(What the task requires):
Set down every entry again word for word, please, but skip the pictures.

(Supplied data):
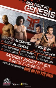 A fledgling promotion headed by respected Albuquerque-area businessmen Torry Crooks and Nick Montoya, MMA Fight Pit is focused on bringing a new level of MMA to fans in New Mexico. The region is known for producing some of the very best fighters in the world, and as a result, the demand for high-quality fight action is high. MMA Fight Pit will put on its first event at “The Pit,” a world-famous sports venue, when it presents MMA FIGHT PIT: “GENESIS.” The event will feature many UFC® and WEC® veterans, as well as local stars. The lineup includes Houston “The Assassin” Alexander, “Razor” Razak Al-Hassan, Jens “Lil’ Evil” Pulver, Coty “Ox” Wheeler, Junie Browning, Lenny Lovato, Jamie Yager, Angelica Diaz, Diana Rael, and others. This incredible fight event will be available on Pay-Per-View. For more info on MMA Fight Pit, please head to http://www.mmafightpit.com/
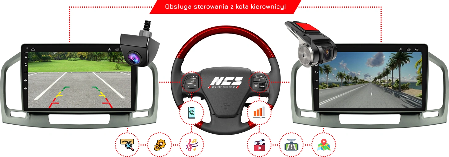 > Odbieranie informacji z CAN-BUS’a (ustawianie sterowania funkcjami z kierownicy, wyświetlanie informacji o spalaniu, przebiegu, wyświetlanie komunikatów o niedomknięciu drzwi, temperaturze, sterowanie funkcjami radia, głośnością itd.). Zwróć uwagę, że funkcje będą działały tylko w przypadku gdy Twój pojazd posiada odpowiednie czujniki.
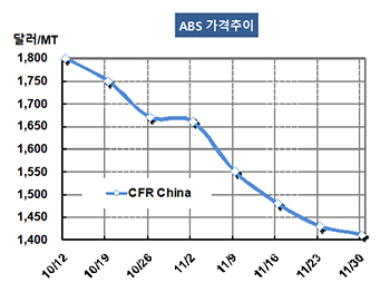 ABS(Acrylonitrile Butadiene Styrene)는 1400달러가 위험해지고 있다. ABS 시세는 11월28일 CFR China 톤당 1410달러로 20달러 하락했고 CFR SE Asia도 1460달러로 20달러 떨어졌다. 표, 그래프: <ABS 가격추이> <화학저널 2018/12/05> |
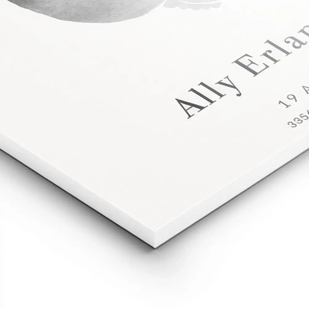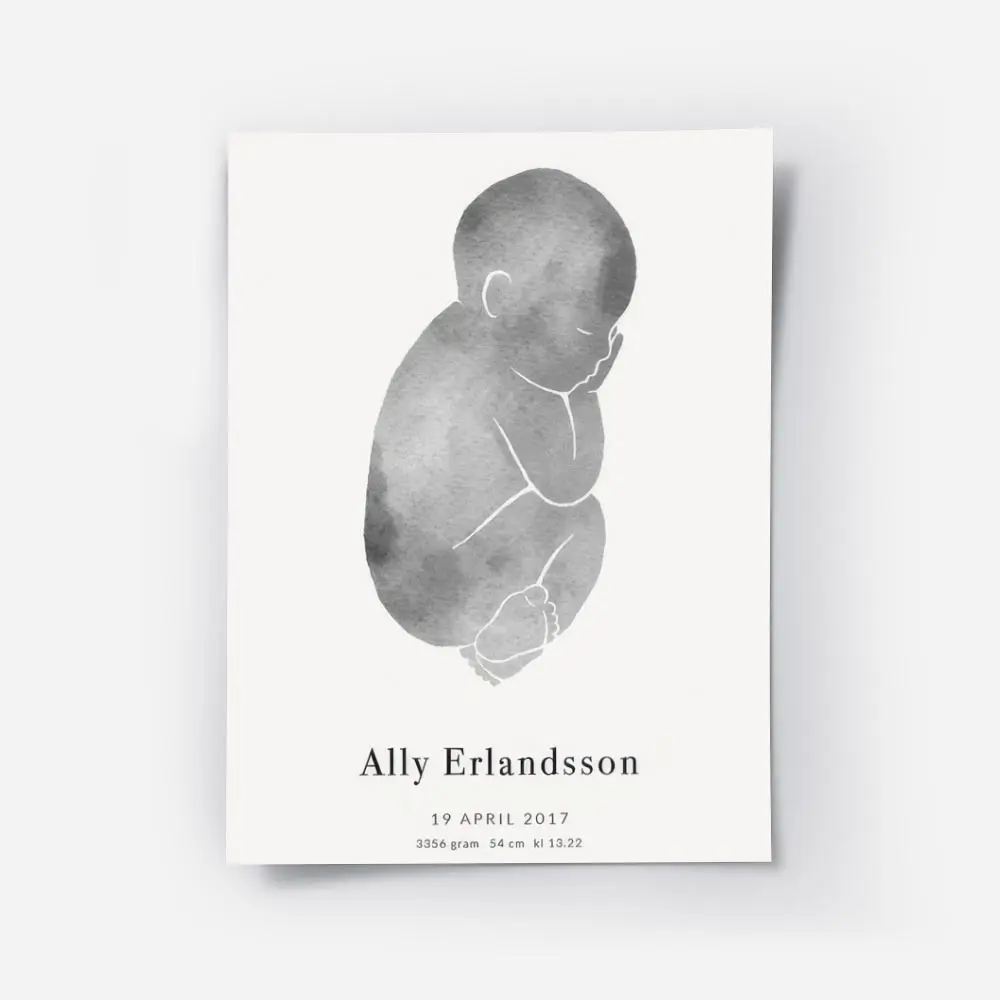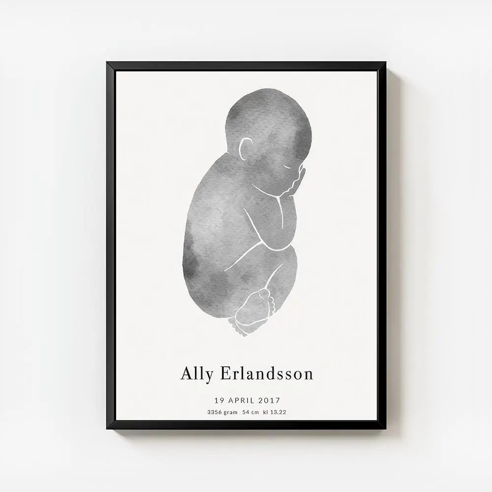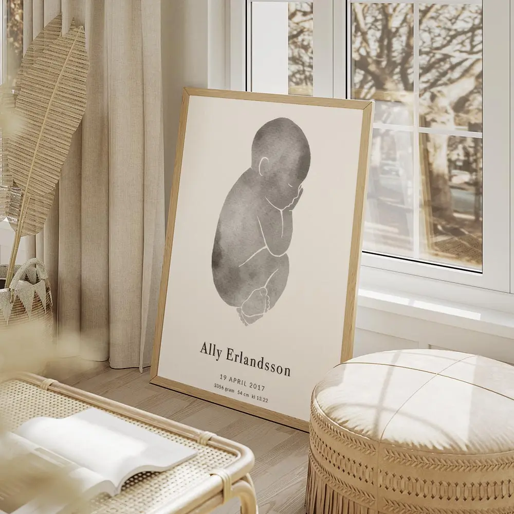 Cette Affiche bébé gris personnalisé apporte une présence douce et discrète. On voit une silhouette de bébé gris, posée sur un fond clair. Un texte personnalisable apparaît en typographie épurée, centré sous le dessin, simple et très lisible. Simple, très simple. Les nuances de gris restent douces et la composition respire, il y a beaucoup d’espace autour, calme et aéré.
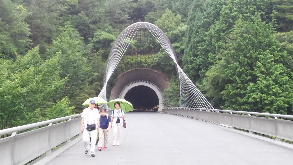 El museo Miho no esta en Kyoto. Esta al lado de Shigaraki, el pueblo curioso donde se compran los tanukis. El Museo esta construido en el monte y es una obra del famoso arquitecto Li Pei, quien conocemos en Francia por su Pirámide del Louvre. Esta vez, la obra intenta amoldarse en un paisaje excepcional. Y la verdad es que lo consiguió.
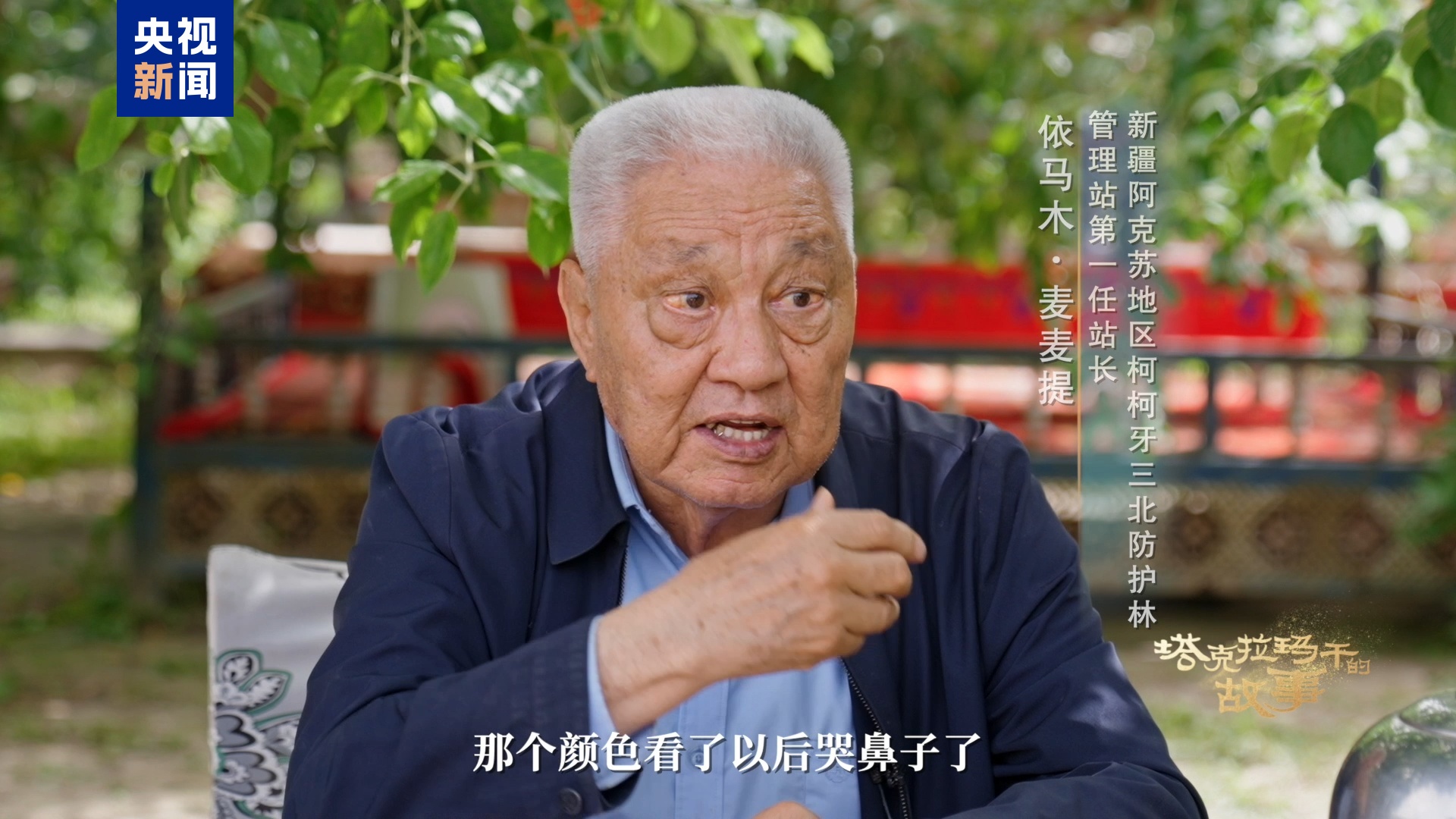 80岁的依马木·麦麦提是阿克苏地区柯柯牙林管站第一任站长。直到今天,他还能找到当年为植树挖的水渠。
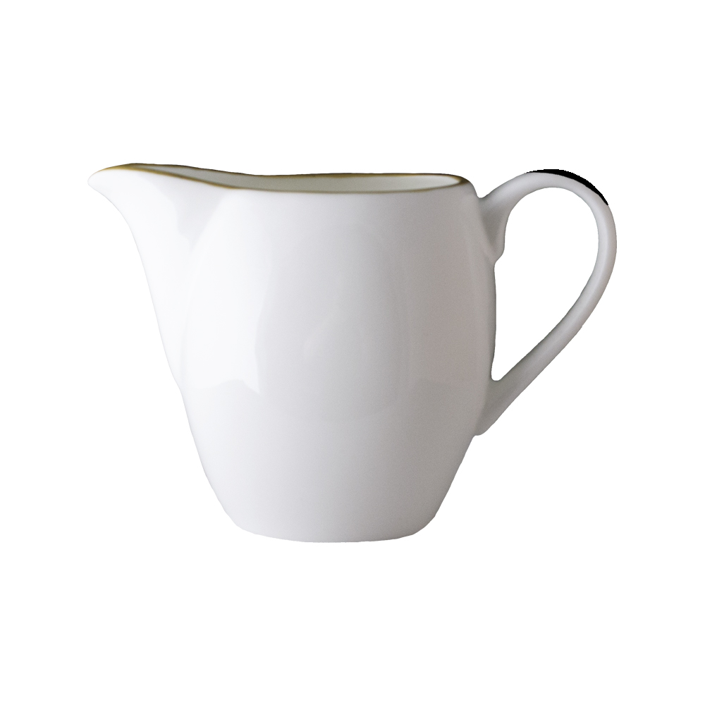 La lattiera 150cc Striche Nere e Oro celebra l'essenzialità raffinata della collezione. In pura bone china bianchissima, si distingue per la totale assenza di decori sul corpo, valorizzata da una sottilissima linea dorata che borda elegantemente l'orlo superiore. La forma ergonomica e l'estrema luminosità materica la rendono perfetta per completare il servizio da tè o colazione con discrezione, classe e uno stile che è pura tradizione Cozzi.
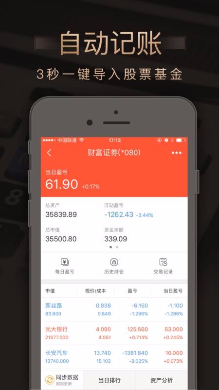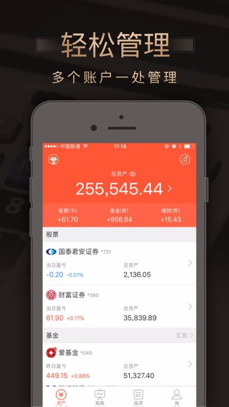 3、资产管理:多种资金进行管理,股票、基金分类查看统计,全部一起管理更加方便;
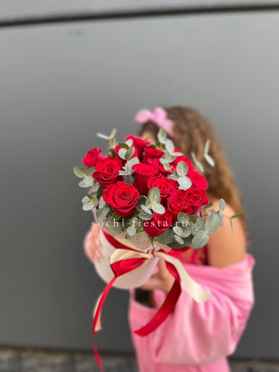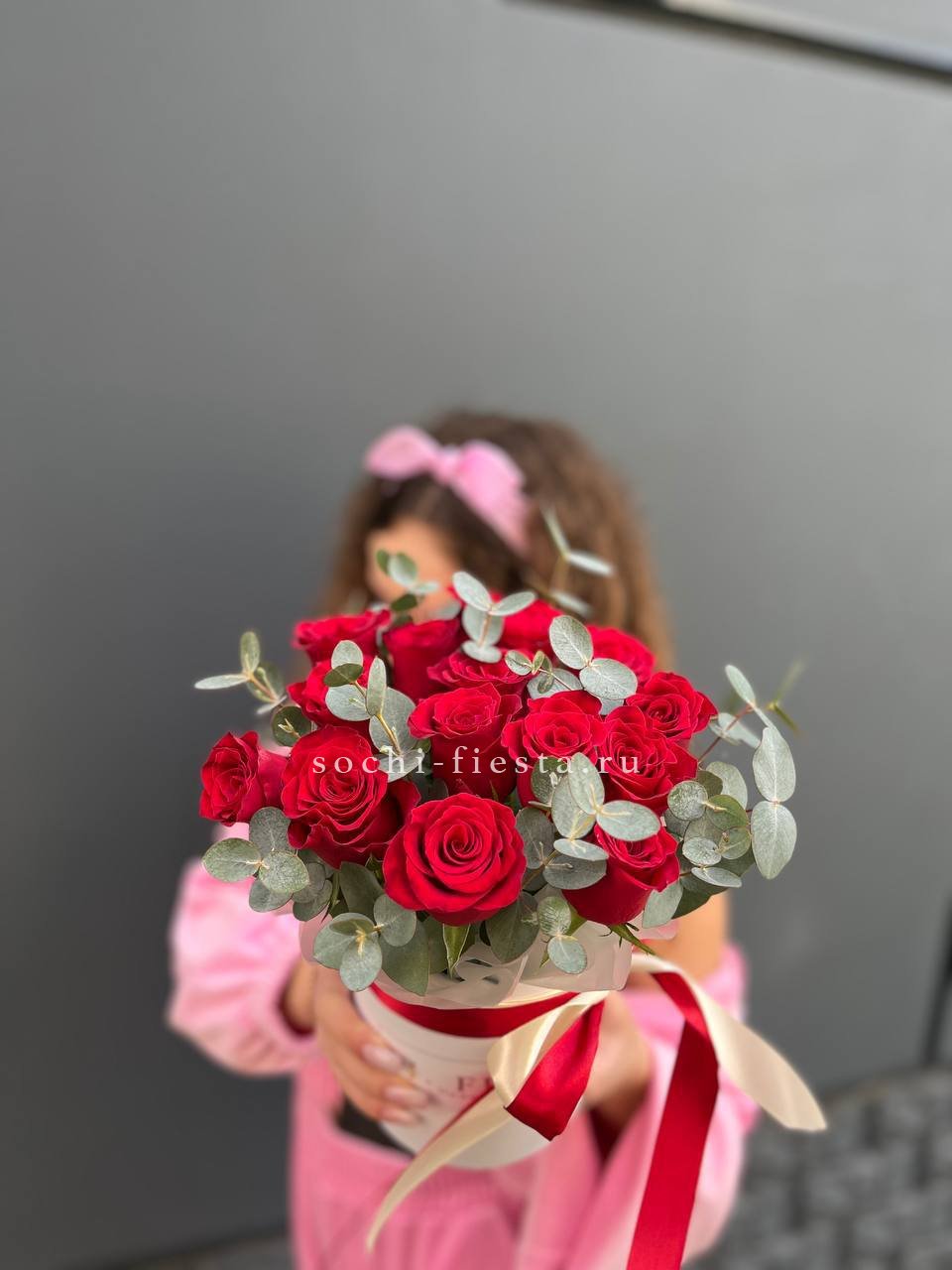 Кустовые розы собраны в плотную круглую форму и дополнены вертикальными стеблями вероники. Композиция в цилиндре выглядит графично и удерживает силуэт без дополнительных конструкций.

(Expected output):
 A fledgling promotion headed by respected Albuquerque-area businessmen Torry Crooks and Nick Montoya, MMA Fight Pit is focused on bringing a new level of MMA to fans in New Mexico. The region is known for producing some of the very best fighters in the world, and as a result, the demand for high-quality fight action is high. MMA Fight Pit will put on its first event at “The Pit,” a world-famous sports venue, when it presents MMA FIGHT PIT: “GENESIS.” The event will feature many UFC® and WEC® veterans, as well as local stars. The lineup includes Houston “The Assassin” Alexander, “Razor” Razak Al-Hassan, Jens “Lil’ Evil” Pulver, Coty “Ox” Wheeler, Junie Browning, Lenny Lovato, Jamie Yager, Angelica Diaz, Diana Rael, and others. This incredible fight event will be available on Pay-Per-View. For more info on MMA Fight Pit, please head to http://www.mmafightpit.com/
 > Odbieranie informacji z CAN-BUS’a (ustawianie sterowania funkcjami z kierownicy, wyświetlanie informacji o spalaniu, przebiegu, wyświetlanie komunikatów o niedomknięciu drzwi, temperaturze, sterowanie funkcjami radia, głośnością itd.). Zwróć uwagę, że funkcje będą działały tylko w przypadku gdy Twój pojazd posiada odpowiednie czujniki.
 ABS(Acrylonitrile Butadiene Styrene)는 1400달러가 위험해지고 있다. ABS 시세는 11월28일 CFR China 톤당 1410달러로 20달러 하락했고 CFR SE Asia도 1460달러로 20달러 떨어졌다. 표, 그래프: <ABS 가격추이> <화학저널 2018/12/05> |
 Cette Affiche bébé gris personnalisé apporte une présence douce et discrète. On voit une silhouette de bébé gris, posée sur un fond clair. Un texte personnalisable apparaît en typographie épurée, centré sous le dessin, simple et très lisible. Simple, très simple. Les nuances de gris restent douces et la composition respire, il y a beaucoup d’espace autour, calme et aéré.
 El museo Miho no esta en Kyoto. Esta al lado de Shigaraki, el pueblo curioso donde se compran los tanukis. El Museo esta construido en el monte y es una obra del famoso arquitecto Li Pei, quien conocemos en Francia por su Pirámide del Louvre. Esta vez, la obra intenta amoldarse en un paisaje excepcional. Y la verdad es que lo consiguió.
 80岁的依马木·麦麦提是阿克苏地区柯柯牙林管站第一任站长。直到今天,他还能找到当年为植树挖的水渠。
 La lattiera 150cc Striche Nere e Oro celebra l'essenzialità raffinata della collezione. In pura bone china bianchissima, si distingue per la totale assenza di decori sul corpo, valorizzata da una sottilissima linea dorata che borda elegantemente l'orlo superiore. La forma ergonomica e l'estrema luminosità materica la rendono perfetta per completare il servizio da tè o colazione con discrezione, classe e uno stile che è pura tradizione Cozzi.
 3、资产管理:多种资金进行管理,股票、基金分类查看统计,全部一起管理更加方便;
 Кустовые розы собраны в плотную круглую форму и дополнены вертикальными стеблями вероники. Композиция в цилиндре выглядит графично и удерживает силуэт без дополнительных конструкций.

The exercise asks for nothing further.